Monday, July 2, 2012

At Least We All Agree on the Facts...Or Do We?

"Did you know that only about 1 percent of the corn we grow is eaten as corn?  The rest works its way into our food supply in other ways, such as animal feed or sweetener, or is used for industrial purposes like making fuel for cars."
If you think the above quote might have come from Michael Pollan or Marion Nestle or someone else known for criticizing our country's agricultural system, you're in for an eyebrow raise.  It's from something called the "Fact Book" on the website of the Corn Famers Coalition.

It's bragging.

The Corn Famers Coaltion has been around since 2009 in an effort "to educate policy-makers in Washington about how tech-savvy, innovative farmers are growing more corn every year...while using fewer resources and protecting the environment." The website is peppered with Rockwell-esque pictures and anecdotes of fifth-generation family farmers who are just so passionate about growing the plants that feed our country.  The coalition sees it as a good thing that technology continues to raise the number of bushels per acre that a single farm can grow, and that it continues to create demand to meet the supply.

It felt like I was reading the story of a rag-tag band of ingenious heroes who used their intelligence and dedication to persevere in the face of adversity.  They saw that their farming techniques were just too good, that they were producing too much and so they went to work finding ways for their fellow hard-working, family-loving Americans to be nourished in more and more ways by this wonderful crop.
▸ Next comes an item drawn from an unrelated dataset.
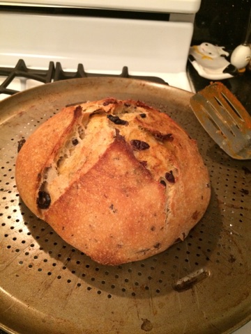 Starter, olives, 1 tsp salt, and hot streak were incorporated Sunday morning. I fidgeted a little with adding more flour to help with the wet starter and olives, then spraying more water as I thought the dough wasn't wet enough. That extra handling made me anticipate a tight crumb, with possible cake-like aspects from the semolina and corn flour. I baked in my preheated combo dutch oven for 20 mins at 450 and 20 mins at 350 using kosher salt on the bottom as is my habit.
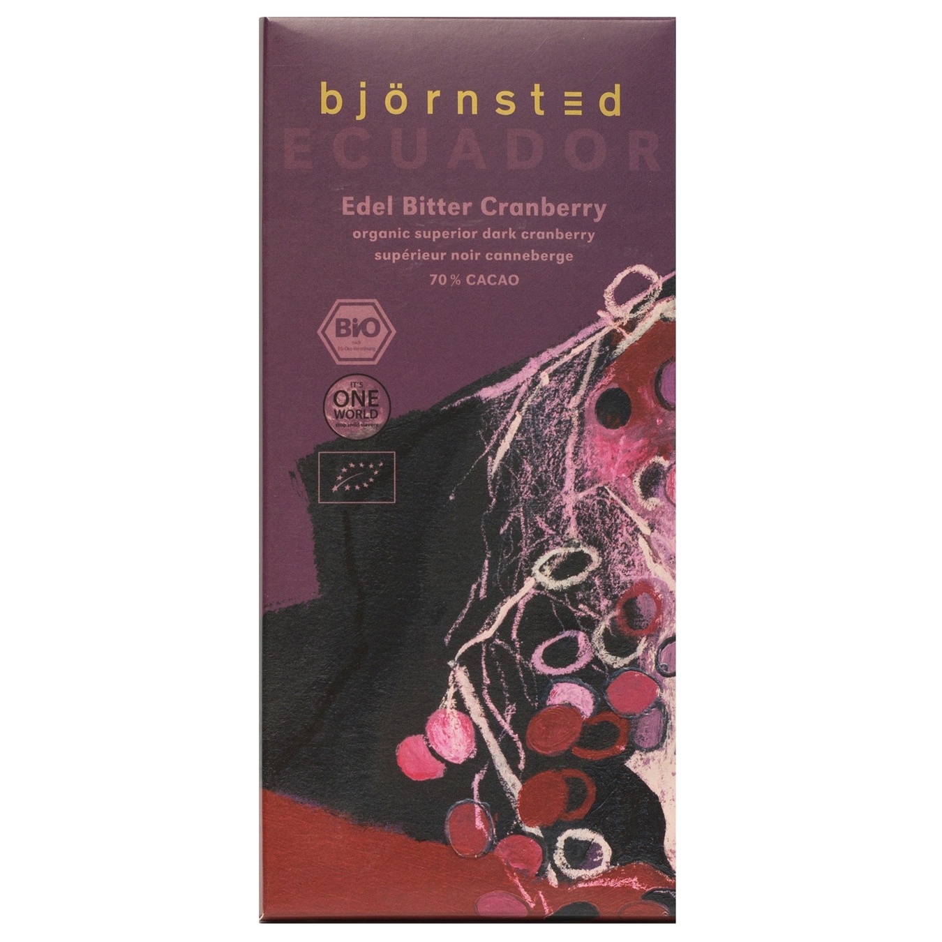 Шоколад Bjornsted органічний чорний з журавлиною 70% 100г

It doesn't address why, instead of just, I don't know, growing a different plant, they instead choose to put all this technology into creating spaces for corn where there previously weren't any. I mean, I like dessert as much as the next person, but does everything have to be sweetened?  Even salad dressing?  Even ketchup?

The Corn Farmers Coalition doesn't just take pride in how much corn they grow, but how good the quality is.  They applaud American ingenuity for perfecting the technique of cross-breeding corn plants in order to produce a harvest with desirable traits.

The issue of genetic modification is suspiciously missing from the twenty-four page Fact Book.

Of course, there are some "facts"- like that claim from the coalition's mission statement that it somehow protects the environment- which are debatable at best, but before I get to that in a later post, I want to hear from you: Is picking one thing we're really good at growing and putting it in everything really such a bad idea? Is proudly admitting to many of the things for which they've been criticized and putting them in a new light a brilliant marketing move on the part of the corn farmers?  What else would you like to ask the Corn Farmers Coalition if you could?